Я, например, пошел в Малый театр, на спектакль «Отелло»[dxlvi]. Все рассказывали, что это замечательный спектакль, кричали: вот это настоящий спектакль, — вроде того, что наступила новая эра, все найдено. Шекспир есть, и все прочее есть, и Отелло есть, и все великолепно. Это те самые нормы, про которые я говорил. Я пришел и увидел, что, во-первых, ничего нет от Шекспира. Я помню, что-то «вякал» Радлов в интервью, что он ставит не драму ревности, а драму любви, но не драма ревности, не драма любви интересовала Шекспира. Шекспира интересовала интрига, которую плетут люди и под колесом машины которой гибнут и Дездемона, и Отелло, и еще кто-нибудь может погибнуть. Вот, товарищи, в чем дело. Если это так, а это так, то прежде всего главное действующее лицо в пьесе — Яго, а не Отелло, несмотря на то, что названа пьеса «Отелло». Шекспиру ведь страшно жалко Отелло, ему жалко отдать заглавие этому мерзавцу Яго — ему нужно было назвать пьесу «Отелло». Странно было бы, если бы Грибоедов вместо «Горе уму» назвал бы пьесу «Фамусов», или «Загорецкий», но не «Чацкий». Но ведь не Чацкий главное действующее лицо в этой пьесе. Главное здесь — борьба, конфликт между двумя мировоззрениями, между двумя направлениями, в этом вся сила, и если это в пьесе не выявляется, ничего не получится. Это относится не только к содержанию, но и к форме. Получилось так, как Шекспира когда-то издавали Брокгауз и Ефрон. Там были такие картинки, от которых всегда меня тошнило, да и не только меня, а любого затошнит, потому что самые плохие рисунки выбраны, без всякого толка, разных школ. Мне представляется, что режиссеры вроде Радлова берут Брокгауза и Ефрона и выбирают лесенки, площадки, девицы к окнам подходят, цветы какие-то странные растут у окон, — и получается величайшее безвкусие, потому что мы дошли уже до того периода в нашем театральном искусстве, когда мы на вещи смотрим глазами художников каких-то, которых мы мобилизуем для того, чтобы они помогли нам смотреть на вещи.

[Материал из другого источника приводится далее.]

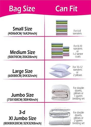 90パーセントのスペースを節約し、予算を節約-家族全員で使用できる大型の掃除機バッグをお探しの場合は、Winslow&Rossの3D掃除機バッグをお選びください。1個の3D掃除機バッグは3個のジャンボサイズに相当します。バキュームバッグ、2つの大きな羽毛布団と2つの枕を1つの3Dバッグに入れることができます!

Так, в «Даме с камелиями» могли бы мы только по одним журналам того времени отыскать стиль нашей постановки? Конечно, нет. Нам нужно было взять в консультанты Мане и Ренуара, то есть больших мастеров той эпохи, и тогда только мы сумели журналы мод смотреть по-настоящему, давать свет, цвет, расположение фигур, все убранство сцены. А в «Отелло» они должны нас {342} хотя бы на минутку посадить в Венецию, а ведь там было все, кроме Венеции. Это же нельзя. Недаром Шекспир взял эту вещь именно в условиях Венеции, недаром площадь святого Марка мыслил, недаром дожа там показывал. Недаром заставляет Кассио прибыть на совещание в гондоле. Это и есть прелесть, это и дает очарование мавру. Этот мавр на фоне гондол, на фоне каналов, на фоне архитектуры Венеции. Это основное. Тут нужно было посмотреть художников того времени, от XV – XVI веков вплоть до Лонги, для того чтобы понять, как выразить эту интереснейшую пьесу с интереснейшей борьбой. Все это что? — Это призыв к вкусу.

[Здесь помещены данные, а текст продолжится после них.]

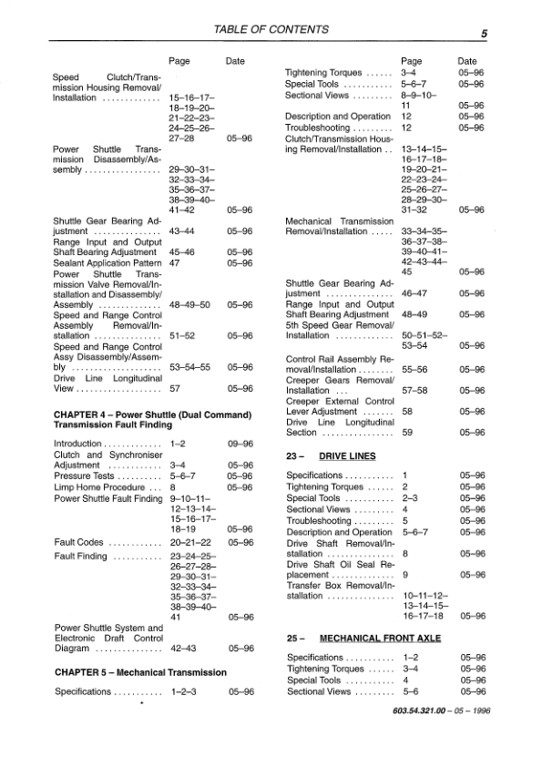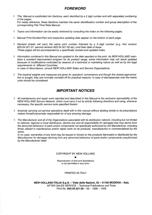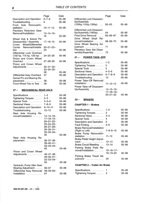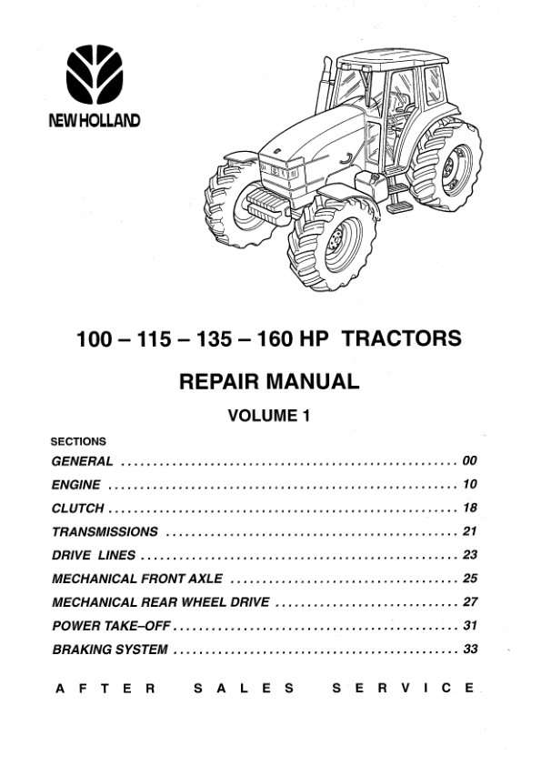 New Holland 100 115 135 160 HP Tractors Repair Manual Vol 1

Вы скажете: «В чем тут мейерхольдовщина?» Вот в чем. Я имел неосторожность сам эти лестницы на сцене строить, а зачем эти лестницы, куда они пойдут — непонятно. Например, есть сцена, в спальне, где будет Отелло душить Дездемону. Для чего он [Радлов] поместил ее на каком-то сквозняке? Вообще спальни никогда не бывают в холлах, в холле человек заснуть разве может? Для того чтобы не было сквозняка, он спустил занавеску. Если я посмотрю на свои работы, обязательно где-нибудь занавеска висит. Затем лестница. Дездемона должна лечь в постель, но прежде чем лечь в постель, она по ступенькам ползет к окну, она попоет там, а потом спустится, потом ляжет. Это все такая дешевка сентиментально-слащавая, которую вы обязательно найдете у Мейерхольда. Так за что меня срамить?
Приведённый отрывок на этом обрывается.